The sad fact that Anti-Semitism never truly seems to be vanquished is bad enough, but the recent rise in Anti-Semitic rhetoric, abuse and violence is despicable. We were supposed to have learnt this lesson after the last time some jackass said “You know who has it too easy? The Jews! You know who doesn’t get a fair shake? The extreme Right!”, though it seems this is a lesson we are fated to relearn through practical experience every one hundred years or so.

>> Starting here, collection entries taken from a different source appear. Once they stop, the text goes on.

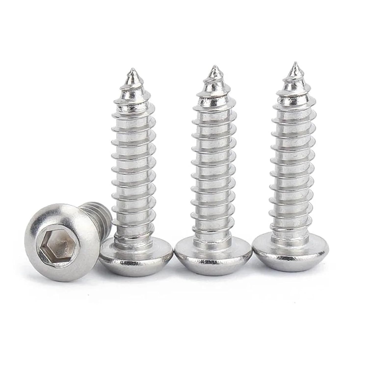 Screw & Bolt Assortment SetsItem descriptionHex Hexagon Socket Pan Head Self-tapping ScrewMaterial:304 (A2-70) stainless steelSize : d(thread diameter) x L(thread length)thread diameter: 3mm / 4mm/5mm/6mmMetric thread pitch: 0.5mm(M3)/0.7mm(M4)/0.8mm(M5)/1mm(M6)Thread length: 6-40mmProduct display==========Dimensions : M3*10DIY Supplies : Woodworkingis_customized : YesDrive Style : Hex SocketHead Style : PanModel Number : M3Screw Type : Self-tapping ScrewsMaterial : STAINLESS STEELOrigin : Mainland ChinaCertification : none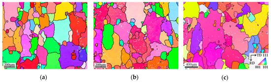 In order to further characterize the effect of pre-deformation on the grain structure and orientation changing in solution heat treatment, EBSD observations were carried out on the 2219 aluminum alloy samples with initial thickness of 9.5 mm, as shown in Figure 7. From the EBSD data, the [001] inverse pole figures (IPFs) were calculated to describe the grain structure. The IPF map was a color-coded map where the color gave an indication of the crystal direction aligned with the normal direction (ND) of the sample. Different colors represented different orientations of the grains. The high angle grain boundaries (HAGBs, >15°) were shown in black. The low angle grain boundaries (LAGBs) including 2–5° and 5–15°, were shown in white and blue, respectively. The grains indexed by EBSD are the regions enclosed by HAGBs. The results obtained were similar to the metallographic observation. It was shown from Figure 7 that there was no obvious change of grain structure when the pre-deformation was increased to 3%. After the pre-deformation was raised to 5%, the grain grew up obviously. The corresponding average grain area was 104.4% higher than the sample without pre-deformation. Meanwhile, the LAGBs almost disappeared, which illustrated that the static recovery and recrystallization occurred in the solution heat treatment.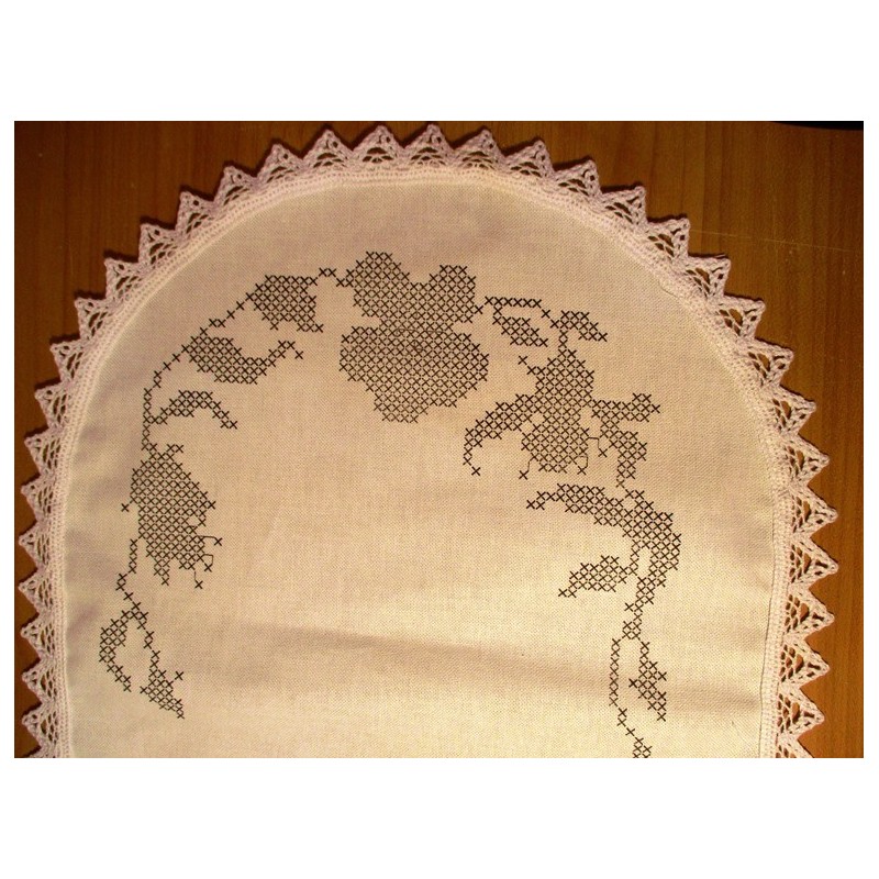 Csipkével szegett elõfestett terítõ, melyet keresztszemes technikával hímezhet ki.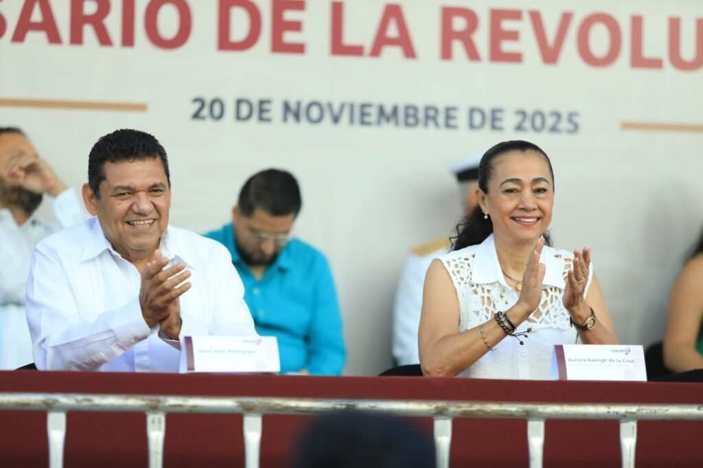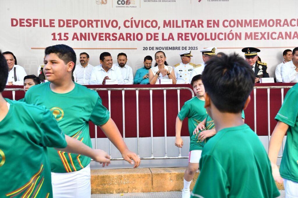 El Desfile Deportivo, Cívico y Militar por el 115 aniversario de la Revolución Mexicana llenó de alegría, orgullo y tradición el malecón Carlos A. Madrazo. El Gobernador Javier May, acompañado de autoridades civiles y militares, presenció el paso de más de 4 mil 800 participantes, entre ellos fuerzas federales y estatales, estudiantes de todos los niveles, deportistas destacados, servidores públicos y asociaciones de charros.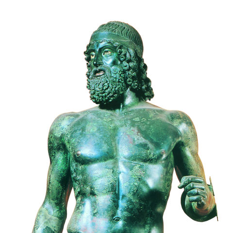 • 185. Χάλκινο άγαλμα ήρωα από τη θάλασσα κοντά στο Riace της Καλαβρίας, γύρω στο 460 π.Χ. Ρήγιο Καλαβρίας, Museo Nazionale.

Accepting, then, that unchecked Capitalism is the root of the problems around The Arts we must also join the dots through to the gig economy. Most of us artists are participants in the gig economy: we create, we make, we deliver to platforms that monetise our work in return for very little. Whether it’s YouTube, Twitch, DeviantArt, or whatever, we generate what actually draws visitors to the platform and thus puts eyeballs in front of ads. Those large companies make fortunes in advertisement revenue whilst we, the suckers, make their content for them in return for usually nothing or possibly a small cut.

“With this haul I can buy me some robot hands to go with my FUCKING AWESOME ROBOT FACE!!!”

We do it because we are creatives. We must create, and what good is creating if you cannot then gift that creation to the world at large?

But this should sound familiar: a large group of strivers, working to better themselves and create Art to move people, but who are almost entirely very poorly paid. There is even a similar carrot dangled ahead of the YouTubers et al: make content good enough to get 𝑥 subscribers and we might pay you!

Indeed, get a few million-or-so followers and perhaps even Hollywood studios will come knocking on your door!

It’s the same grift as what faces actors and creatives across The Arts. A very few will make a living, of whom a microscopic percentage will get rich, whilst the rest of us tend bar and wait tables.

This is the Fifth Point I want to entrust to you: Capitalism generally, and the gig-economy especially, encourages creative work for no remuneration. It is simply not valued.

Let’s review together the lie of the land:

  1. Nearly all actors spend their time not acting.
  2. Nearly all actors, when they do act, are not paid much.
  3. Any role of size will go to a Big Name Actor.
  4. AI represents a good-enough replacement for Small Time Actors.
  5. Our economies place no value on creative people, so they are not remunerated. It only values work-work: office work, manual work, customer-service work.

There is one last point to discuss together, and it is this: acting is expensive.

Excepting that yes, a very few persons might be discovered whilst eating a Big Mac or be lucky enough to make it big on YouTube, most actors are trained.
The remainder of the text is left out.